I took a deep breath. If Zack had to learn to be a man by facing Pa with humility, I suppose today was the day when I had to learn to stand up and be a woman by facing Thomas Starr King and Leland Stanford with honesty and humility, too.
I would have to face them both, and tell them what I knew about Cal. And I would have to tell them I had known it yesterday, in time to have stopped him. I would have to apologize. I would have to admit to the two great men of California that they had entrusted too much faith in me, and that I had not been worthy of it. And I would have to beg their forgiveness for allowing over forty thousand dollars of Union contributions to be speeding along its way south toward the government of the Confederate States of America.
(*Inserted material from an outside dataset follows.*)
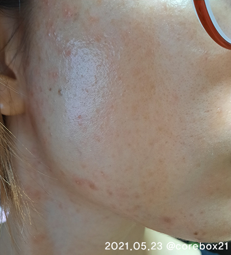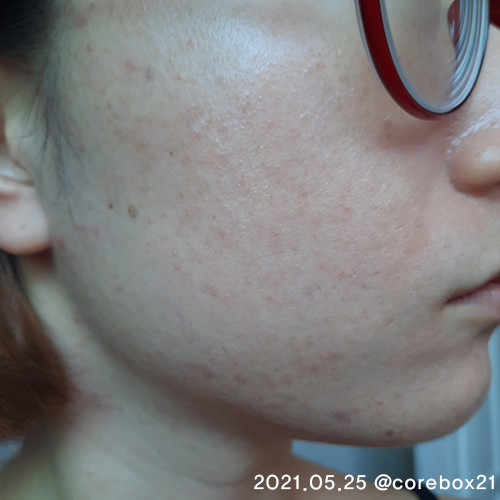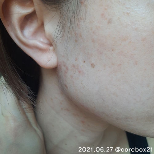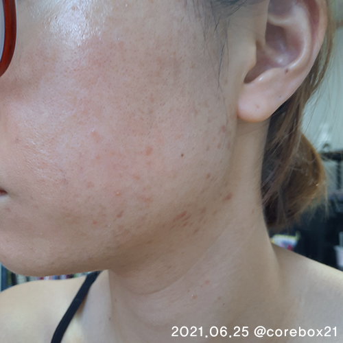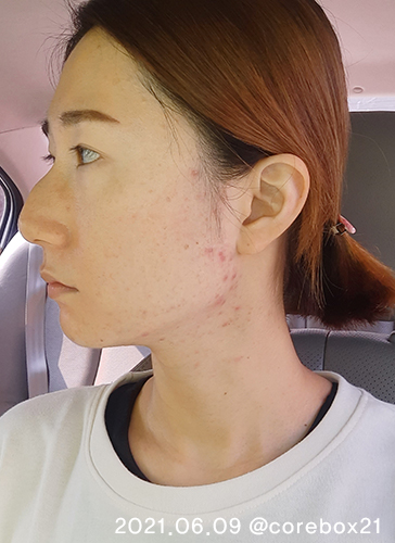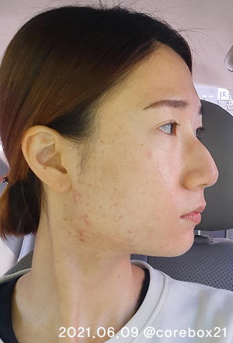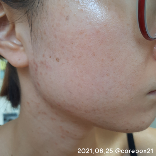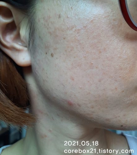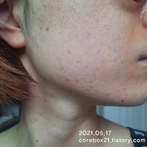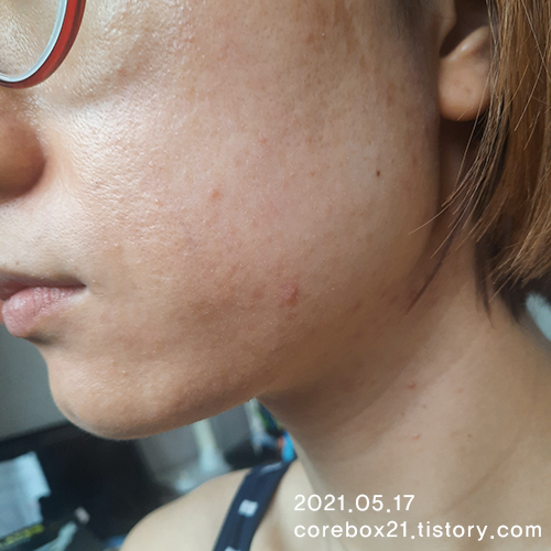 5월말이랑 비교해서 큰 차이가 있는건 아닌것 같지만 이 때도 세안할 때 피부가 좋아진걸 느낌. 우선 짜잘한 좁쌀 여드름이 많이 없어짐. 왼쪽 입에 완전 익은 여드름 하나가 잉네
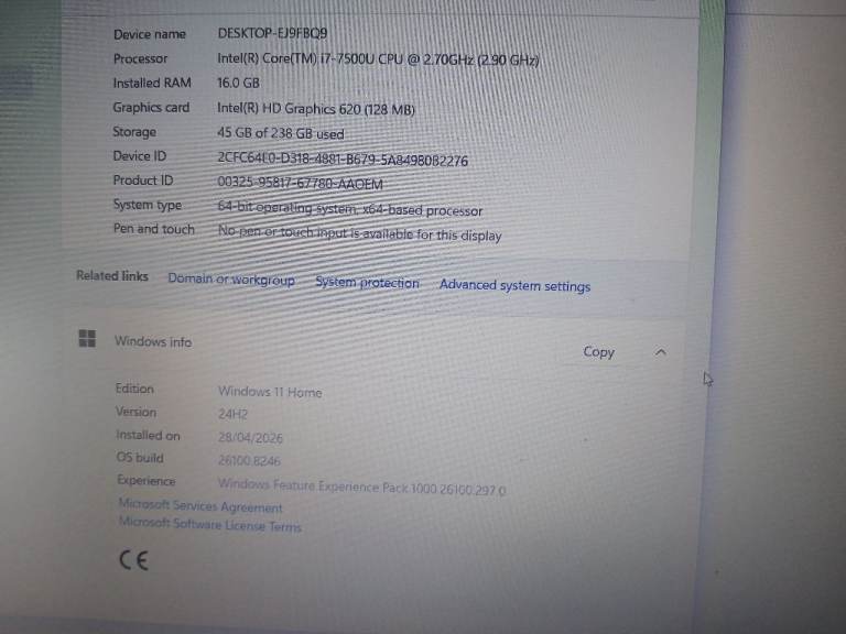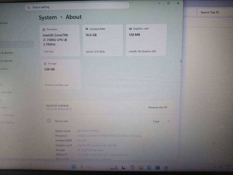 HP 250 G6 powerful laptop with i7 -7th gen. 16 GB RAM 256 GB SSD and 15.6 FHD screen

“So I take it you won’t be wanting a ticket, after all, Miss Corrie?” said Mr. Daws.
I sighed. “I might as well buy it now,” I said. “Yes, I do want one, Mr. Daws. Give me a ticket north for Miracle Springs, on tomorrow’s stage.”
“Round trip, Miss Corrie?”
“No, Mr. Daws. One way will be sufficient. I don’t know that I will be coming back to Sacramento anytime soon.”
“Your business here all done?”
Again I sighed. “Not quite. I have some very unpleasant business to attend to this afternoon,” I said. “But by tomorrow, yes, my business will be done.”